The scope of the claims

I. A transdermal preparation containing idebenone for the prevention and treatment of dementia.

2. The preparation according to claim 1, wherein the dementia is Alzheimer-type dementia.

3. The preparation according to claim 1, which is a patch.

4. The preparation according to claim 1, which is a patch.

5. The preparation according to claim 1, which is a tape preparation.

6. The formulation of claim 1, which is administered once every 1 to 7 days.

7. The formulation according to claim 1, which is administered once a day.

8. The preparation according to claim 1, wherein the amount of idebenone is about 0.1 to about 20% by weight based on the total weight of the preparation.

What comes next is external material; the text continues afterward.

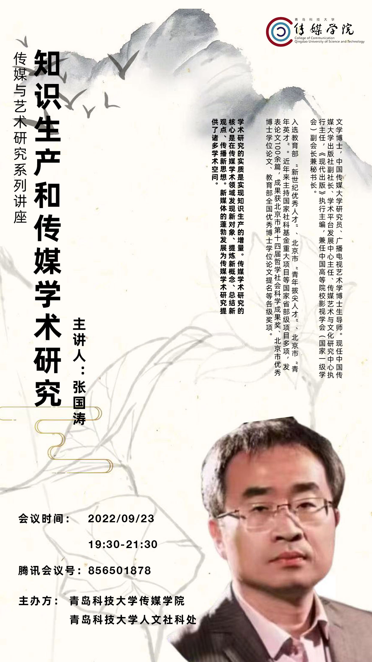 与校人文社科处主办的传媒与艺术研究系列讲座:知识生产和传媒学术研究成功举办。本次讲座使用腾讯会议线上进行,特别邀请中国传媒大学广播电视艺术学博士生导师、中国传媒大学出版社副社长、《现代出版》执行主编张国涛教授主讲。

9. The preparation according to claim 1, wherein the amount of idebenone is about 1 to about 10% by weight based on the total weight of the preparation.

10. The patch of claim 3, wherein the amount of idebenone is about 0.3 to about 5 OmgZcm ² .

The patch according to claim 3, wherein the amount of I I. idebenone is about 0.4 to about 2 OmgZcm ² .

12. The formulation of claim 1, wherein the dose of idebenone is about 0.3 to about 100 OmgZ.

13. The formulation of claim 1, wherein the dose of idebenone is about 1 to about 50 Omg / dose.

14. The formulation of claim 1, wherein the dose of idebenone is about 2 to about 20 OmgZ.

15. A method of transdermally administering idebenone as a preventive and therapeutic agent for dementia.

16. Use of idebenone for the manufacture of a transdermal formulation for the prevention and treatment of dementia.